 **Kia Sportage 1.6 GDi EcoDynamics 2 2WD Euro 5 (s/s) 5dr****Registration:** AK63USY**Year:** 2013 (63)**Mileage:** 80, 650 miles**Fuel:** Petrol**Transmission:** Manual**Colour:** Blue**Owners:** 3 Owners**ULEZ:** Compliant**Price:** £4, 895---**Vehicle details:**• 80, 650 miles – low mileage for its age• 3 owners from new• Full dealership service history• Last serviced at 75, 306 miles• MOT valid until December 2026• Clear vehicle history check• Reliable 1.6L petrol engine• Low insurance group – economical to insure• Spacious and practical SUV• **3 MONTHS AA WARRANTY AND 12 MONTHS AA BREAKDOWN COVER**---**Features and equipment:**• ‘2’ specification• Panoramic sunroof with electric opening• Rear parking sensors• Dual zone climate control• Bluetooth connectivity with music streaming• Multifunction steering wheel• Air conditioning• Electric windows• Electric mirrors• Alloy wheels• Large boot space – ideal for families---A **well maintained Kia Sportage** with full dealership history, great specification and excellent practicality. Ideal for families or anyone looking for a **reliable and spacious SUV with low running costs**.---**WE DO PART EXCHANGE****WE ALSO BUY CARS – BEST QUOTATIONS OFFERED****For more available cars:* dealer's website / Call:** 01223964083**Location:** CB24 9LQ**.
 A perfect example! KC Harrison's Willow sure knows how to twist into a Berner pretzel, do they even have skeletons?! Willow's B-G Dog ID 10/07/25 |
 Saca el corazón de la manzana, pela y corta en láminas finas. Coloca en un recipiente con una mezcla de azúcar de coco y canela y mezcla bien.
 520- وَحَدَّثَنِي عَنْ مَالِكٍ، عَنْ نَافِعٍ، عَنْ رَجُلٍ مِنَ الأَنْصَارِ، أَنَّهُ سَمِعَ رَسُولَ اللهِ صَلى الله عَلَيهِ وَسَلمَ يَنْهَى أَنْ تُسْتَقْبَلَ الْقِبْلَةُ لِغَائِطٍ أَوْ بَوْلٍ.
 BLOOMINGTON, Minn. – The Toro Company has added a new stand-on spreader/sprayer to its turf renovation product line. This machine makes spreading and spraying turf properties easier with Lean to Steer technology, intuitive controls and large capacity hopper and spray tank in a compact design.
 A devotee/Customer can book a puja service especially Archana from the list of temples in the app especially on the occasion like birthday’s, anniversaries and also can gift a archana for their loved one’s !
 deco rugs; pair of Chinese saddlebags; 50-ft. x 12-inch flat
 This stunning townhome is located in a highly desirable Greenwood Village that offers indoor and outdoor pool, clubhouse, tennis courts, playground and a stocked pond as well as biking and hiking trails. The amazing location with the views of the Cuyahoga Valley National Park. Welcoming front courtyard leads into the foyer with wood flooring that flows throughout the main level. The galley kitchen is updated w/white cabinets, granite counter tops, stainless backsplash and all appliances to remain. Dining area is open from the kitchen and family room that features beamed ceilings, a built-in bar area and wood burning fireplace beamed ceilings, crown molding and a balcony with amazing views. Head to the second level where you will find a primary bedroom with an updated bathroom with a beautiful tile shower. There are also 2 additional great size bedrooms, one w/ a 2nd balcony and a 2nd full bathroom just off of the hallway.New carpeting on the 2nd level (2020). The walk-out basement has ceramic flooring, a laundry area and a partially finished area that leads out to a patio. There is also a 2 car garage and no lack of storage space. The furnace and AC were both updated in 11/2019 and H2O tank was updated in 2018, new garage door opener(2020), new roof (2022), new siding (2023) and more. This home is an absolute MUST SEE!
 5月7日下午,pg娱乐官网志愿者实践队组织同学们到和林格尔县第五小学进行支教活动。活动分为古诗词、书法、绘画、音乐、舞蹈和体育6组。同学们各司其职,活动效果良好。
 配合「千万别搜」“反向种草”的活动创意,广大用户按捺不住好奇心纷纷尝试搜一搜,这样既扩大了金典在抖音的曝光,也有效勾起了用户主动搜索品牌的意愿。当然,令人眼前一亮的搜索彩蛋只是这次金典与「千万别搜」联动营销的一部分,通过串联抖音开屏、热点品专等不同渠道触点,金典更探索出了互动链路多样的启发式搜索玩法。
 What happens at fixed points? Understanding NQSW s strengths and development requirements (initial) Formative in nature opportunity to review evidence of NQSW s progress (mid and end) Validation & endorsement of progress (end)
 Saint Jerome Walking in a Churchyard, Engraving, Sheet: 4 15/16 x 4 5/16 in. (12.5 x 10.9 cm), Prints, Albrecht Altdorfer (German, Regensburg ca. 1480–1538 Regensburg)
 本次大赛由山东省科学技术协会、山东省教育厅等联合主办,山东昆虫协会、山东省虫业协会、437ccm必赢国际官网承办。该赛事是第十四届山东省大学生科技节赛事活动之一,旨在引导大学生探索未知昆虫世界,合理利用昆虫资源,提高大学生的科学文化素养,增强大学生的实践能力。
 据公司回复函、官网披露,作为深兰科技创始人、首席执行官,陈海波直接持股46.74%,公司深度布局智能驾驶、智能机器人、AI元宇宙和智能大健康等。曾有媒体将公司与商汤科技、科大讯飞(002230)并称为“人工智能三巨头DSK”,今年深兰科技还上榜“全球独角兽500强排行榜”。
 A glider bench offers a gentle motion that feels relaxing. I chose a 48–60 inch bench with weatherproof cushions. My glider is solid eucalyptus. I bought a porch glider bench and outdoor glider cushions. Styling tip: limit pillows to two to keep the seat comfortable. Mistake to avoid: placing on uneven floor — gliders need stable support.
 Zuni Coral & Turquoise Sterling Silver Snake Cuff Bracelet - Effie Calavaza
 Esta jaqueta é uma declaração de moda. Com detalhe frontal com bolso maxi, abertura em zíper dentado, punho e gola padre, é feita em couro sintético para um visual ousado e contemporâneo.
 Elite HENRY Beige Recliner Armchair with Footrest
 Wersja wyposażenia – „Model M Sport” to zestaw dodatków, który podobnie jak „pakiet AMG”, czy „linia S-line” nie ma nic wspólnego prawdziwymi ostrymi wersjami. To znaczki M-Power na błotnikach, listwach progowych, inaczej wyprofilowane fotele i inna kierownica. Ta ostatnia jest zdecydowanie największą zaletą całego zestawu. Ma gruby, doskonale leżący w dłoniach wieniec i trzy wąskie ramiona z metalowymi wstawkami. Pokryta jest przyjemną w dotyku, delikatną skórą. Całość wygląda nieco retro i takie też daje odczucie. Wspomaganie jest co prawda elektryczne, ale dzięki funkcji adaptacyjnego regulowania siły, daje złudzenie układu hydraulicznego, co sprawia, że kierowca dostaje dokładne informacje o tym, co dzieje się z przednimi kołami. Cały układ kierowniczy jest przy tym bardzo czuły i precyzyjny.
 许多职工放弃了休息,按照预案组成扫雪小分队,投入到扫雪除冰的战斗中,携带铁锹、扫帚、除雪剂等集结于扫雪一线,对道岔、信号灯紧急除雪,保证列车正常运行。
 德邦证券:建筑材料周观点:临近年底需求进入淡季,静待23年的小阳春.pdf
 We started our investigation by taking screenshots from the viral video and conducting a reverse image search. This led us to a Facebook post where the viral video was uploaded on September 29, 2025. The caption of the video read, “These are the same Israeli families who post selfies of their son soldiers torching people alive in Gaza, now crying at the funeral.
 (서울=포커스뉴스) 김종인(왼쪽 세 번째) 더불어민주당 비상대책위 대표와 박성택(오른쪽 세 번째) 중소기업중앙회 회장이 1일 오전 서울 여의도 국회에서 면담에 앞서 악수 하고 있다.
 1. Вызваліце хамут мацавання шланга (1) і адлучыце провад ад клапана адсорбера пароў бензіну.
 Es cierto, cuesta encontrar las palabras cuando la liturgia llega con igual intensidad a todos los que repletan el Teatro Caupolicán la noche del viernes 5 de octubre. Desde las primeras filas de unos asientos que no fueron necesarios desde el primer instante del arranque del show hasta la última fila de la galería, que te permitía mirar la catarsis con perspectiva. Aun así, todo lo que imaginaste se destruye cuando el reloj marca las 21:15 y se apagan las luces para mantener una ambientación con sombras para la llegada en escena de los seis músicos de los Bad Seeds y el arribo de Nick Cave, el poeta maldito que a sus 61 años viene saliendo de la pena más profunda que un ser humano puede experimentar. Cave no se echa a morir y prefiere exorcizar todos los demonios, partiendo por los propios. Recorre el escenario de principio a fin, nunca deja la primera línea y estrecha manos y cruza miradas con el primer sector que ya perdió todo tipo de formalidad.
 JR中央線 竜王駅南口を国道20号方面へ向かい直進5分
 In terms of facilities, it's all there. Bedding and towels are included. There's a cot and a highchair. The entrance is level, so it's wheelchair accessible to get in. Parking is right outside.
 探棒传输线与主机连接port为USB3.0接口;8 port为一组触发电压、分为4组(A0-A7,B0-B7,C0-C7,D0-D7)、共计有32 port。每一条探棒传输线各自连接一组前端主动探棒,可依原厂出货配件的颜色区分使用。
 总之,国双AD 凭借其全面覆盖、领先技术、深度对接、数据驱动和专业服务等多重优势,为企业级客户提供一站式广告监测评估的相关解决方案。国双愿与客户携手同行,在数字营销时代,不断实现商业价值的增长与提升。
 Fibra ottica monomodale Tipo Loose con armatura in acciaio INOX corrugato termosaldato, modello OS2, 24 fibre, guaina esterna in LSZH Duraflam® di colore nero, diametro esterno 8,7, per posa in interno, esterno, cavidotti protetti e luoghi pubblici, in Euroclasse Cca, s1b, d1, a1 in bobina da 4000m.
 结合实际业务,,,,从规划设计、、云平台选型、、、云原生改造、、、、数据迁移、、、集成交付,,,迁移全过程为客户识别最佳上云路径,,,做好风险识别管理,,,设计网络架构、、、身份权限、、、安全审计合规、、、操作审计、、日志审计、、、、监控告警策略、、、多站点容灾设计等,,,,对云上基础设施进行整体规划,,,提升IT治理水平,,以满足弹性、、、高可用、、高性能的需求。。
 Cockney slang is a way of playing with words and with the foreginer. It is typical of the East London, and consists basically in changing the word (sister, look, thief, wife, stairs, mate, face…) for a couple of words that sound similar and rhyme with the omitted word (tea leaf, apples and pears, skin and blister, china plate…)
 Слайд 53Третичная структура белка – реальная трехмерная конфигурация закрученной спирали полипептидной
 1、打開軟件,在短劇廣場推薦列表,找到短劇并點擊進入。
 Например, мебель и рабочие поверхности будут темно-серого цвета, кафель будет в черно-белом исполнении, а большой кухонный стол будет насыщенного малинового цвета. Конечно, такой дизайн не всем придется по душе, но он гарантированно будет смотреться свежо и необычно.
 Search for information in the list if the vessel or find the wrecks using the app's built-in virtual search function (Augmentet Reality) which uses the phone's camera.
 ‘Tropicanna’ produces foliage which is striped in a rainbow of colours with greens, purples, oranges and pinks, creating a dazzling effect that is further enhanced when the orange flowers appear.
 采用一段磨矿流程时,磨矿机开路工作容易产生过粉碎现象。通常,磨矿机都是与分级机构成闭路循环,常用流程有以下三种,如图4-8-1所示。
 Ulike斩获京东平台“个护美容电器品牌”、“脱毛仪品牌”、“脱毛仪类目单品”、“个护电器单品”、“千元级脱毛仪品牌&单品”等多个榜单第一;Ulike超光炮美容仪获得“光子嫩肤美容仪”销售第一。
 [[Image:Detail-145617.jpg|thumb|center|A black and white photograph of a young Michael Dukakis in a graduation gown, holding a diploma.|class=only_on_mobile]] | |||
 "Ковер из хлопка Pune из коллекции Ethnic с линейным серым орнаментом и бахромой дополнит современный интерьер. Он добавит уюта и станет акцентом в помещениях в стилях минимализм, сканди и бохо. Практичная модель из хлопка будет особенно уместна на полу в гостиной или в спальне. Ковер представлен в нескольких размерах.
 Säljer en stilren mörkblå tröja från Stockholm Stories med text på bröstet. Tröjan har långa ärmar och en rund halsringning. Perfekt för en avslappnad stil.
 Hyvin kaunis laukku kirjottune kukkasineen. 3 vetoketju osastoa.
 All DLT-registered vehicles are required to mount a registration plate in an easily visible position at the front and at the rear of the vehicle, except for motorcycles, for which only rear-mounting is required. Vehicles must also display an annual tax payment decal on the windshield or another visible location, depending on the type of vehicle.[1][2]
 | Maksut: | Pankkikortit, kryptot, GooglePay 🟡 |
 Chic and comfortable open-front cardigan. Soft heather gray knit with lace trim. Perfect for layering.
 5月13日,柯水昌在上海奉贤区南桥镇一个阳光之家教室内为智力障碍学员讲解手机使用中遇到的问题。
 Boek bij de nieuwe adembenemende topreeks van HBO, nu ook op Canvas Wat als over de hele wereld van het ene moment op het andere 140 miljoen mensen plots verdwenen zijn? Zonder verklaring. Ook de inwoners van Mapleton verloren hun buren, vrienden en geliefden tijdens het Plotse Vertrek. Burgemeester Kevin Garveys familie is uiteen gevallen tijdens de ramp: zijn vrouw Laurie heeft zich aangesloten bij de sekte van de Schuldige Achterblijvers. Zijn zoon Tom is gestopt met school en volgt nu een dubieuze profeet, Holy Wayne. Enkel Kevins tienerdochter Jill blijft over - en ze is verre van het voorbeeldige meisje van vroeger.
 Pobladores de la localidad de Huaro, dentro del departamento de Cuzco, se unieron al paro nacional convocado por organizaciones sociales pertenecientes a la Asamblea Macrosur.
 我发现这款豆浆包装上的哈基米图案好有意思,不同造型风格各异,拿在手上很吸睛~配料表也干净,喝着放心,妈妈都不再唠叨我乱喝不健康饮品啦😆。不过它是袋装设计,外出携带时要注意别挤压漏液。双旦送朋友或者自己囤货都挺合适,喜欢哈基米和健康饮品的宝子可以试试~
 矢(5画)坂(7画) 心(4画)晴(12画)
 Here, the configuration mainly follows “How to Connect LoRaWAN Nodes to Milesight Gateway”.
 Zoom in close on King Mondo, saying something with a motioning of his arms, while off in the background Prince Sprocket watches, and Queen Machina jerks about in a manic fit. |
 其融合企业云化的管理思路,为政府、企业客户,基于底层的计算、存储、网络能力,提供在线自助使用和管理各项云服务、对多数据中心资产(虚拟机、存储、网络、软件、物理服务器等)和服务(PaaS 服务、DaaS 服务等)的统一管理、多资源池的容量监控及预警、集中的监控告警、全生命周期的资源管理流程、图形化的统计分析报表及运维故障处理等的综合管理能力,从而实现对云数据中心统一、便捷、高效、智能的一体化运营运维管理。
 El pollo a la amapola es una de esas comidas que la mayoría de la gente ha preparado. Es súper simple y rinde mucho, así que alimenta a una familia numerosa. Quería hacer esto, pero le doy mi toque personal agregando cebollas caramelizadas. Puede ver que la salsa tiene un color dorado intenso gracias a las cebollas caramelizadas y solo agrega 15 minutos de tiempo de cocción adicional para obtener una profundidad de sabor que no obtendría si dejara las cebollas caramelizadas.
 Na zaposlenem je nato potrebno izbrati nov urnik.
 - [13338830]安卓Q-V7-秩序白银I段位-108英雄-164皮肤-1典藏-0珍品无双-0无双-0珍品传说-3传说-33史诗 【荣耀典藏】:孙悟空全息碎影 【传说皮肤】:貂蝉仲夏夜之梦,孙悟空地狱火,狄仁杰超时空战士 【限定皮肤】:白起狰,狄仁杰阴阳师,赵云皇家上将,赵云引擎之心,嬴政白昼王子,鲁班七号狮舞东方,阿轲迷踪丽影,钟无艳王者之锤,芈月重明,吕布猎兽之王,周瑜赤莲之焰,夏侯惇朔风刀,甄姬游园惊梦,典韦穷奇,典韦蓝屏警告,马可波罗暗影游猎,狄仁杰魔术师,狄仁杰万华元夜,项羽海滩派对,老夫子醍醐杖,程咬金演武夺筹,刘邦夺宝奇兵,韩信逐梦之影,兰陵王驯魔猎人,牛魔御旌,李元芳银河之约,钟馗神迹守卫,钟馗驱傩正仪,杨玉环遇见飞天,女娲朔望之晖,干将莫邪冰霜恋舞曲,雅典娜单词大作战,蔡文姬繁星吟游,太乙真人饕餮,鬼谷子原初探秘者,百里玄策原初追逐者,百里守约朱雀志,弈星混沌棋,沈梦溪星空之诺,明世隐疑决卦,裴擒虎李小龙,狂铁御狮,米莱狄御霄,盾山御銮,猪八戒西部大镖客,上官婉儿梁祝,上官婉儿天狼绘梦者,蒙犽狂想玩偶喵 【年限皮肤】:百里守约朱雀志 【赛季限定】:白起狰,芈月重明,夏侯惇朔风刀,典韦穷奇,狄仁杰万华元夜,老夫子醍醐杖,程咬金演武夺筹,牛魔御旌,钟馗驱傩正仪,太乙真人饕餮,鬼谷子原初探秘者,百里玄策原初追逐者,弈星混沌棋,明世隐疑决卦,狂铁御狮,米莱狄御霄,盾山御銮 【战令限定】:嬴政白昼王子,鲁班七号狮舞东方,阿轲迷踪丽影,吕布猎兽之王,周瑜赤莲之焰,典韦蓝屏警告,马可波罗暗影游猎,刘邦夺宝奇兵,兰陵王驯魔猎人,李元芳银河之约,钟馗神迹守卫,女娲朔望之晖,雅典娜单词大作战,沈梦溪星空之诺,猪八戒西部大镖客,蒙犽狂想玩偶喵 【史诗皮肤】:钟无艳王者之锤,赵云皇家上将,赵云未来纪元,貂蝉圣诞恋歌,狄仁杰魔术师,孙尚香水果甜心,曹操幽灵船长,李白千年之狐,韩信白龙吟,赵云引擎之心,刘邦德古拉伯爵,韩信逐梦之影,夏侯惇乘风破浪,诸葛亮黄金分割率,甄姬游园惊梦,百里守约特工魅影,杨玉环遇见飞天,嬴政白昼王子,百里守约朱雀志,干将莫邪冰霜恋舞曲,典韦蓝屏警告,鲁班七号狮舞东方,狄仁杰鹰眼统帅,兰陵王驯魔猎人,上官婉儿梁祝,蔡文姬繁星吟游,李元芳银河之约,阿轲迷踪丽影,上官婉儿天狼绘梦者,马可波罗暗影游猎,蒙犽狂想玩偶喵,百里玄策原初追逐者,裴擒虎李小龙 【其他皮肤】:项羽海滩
= = = =
- [How to complete this task]
Set down precisely the lines above between the line holding "520- وَحَدَّثَنِي عَنْ" and the line holding "deco rugs; pair", inclusive, and nothing beyond them.

- [Solved exercise]
 520- وَحَدَّثَنِي عَنْ مَالِكٍ، عَنْ نَافِعٍ، عَنْ رَجُلٍ مِنَ الأَنْصَارِ، أَنَّهُ سَمِعَ رَسُولَ اللهِ صَلى الله عَلَيهِ وَسَلمَ يَنْهَى أَنْ تُسْتَقْبَلَ الْقِبْلَةُ لِغَائِطٍ أَوْ بَوْلٍ.
 BLOOMINGTON, Minn. – The Toro Company has added a new stand-on spreader/sprayer to its turf renovation product line. This machine makes spreading and spraying turf properties easier with Lean to Steer technology, intuitive controls and large capacity hopper and spray tank in a compact design.
 A devotee/Customer can book a puja service especially Archana from the list of temples in the app especially on the occasion like birthday’s, anniversaries and also can gift a archana for their loved one’s !
 deco rugs; pair of Chinese saddlebags; 50-ft. x 12-inch flat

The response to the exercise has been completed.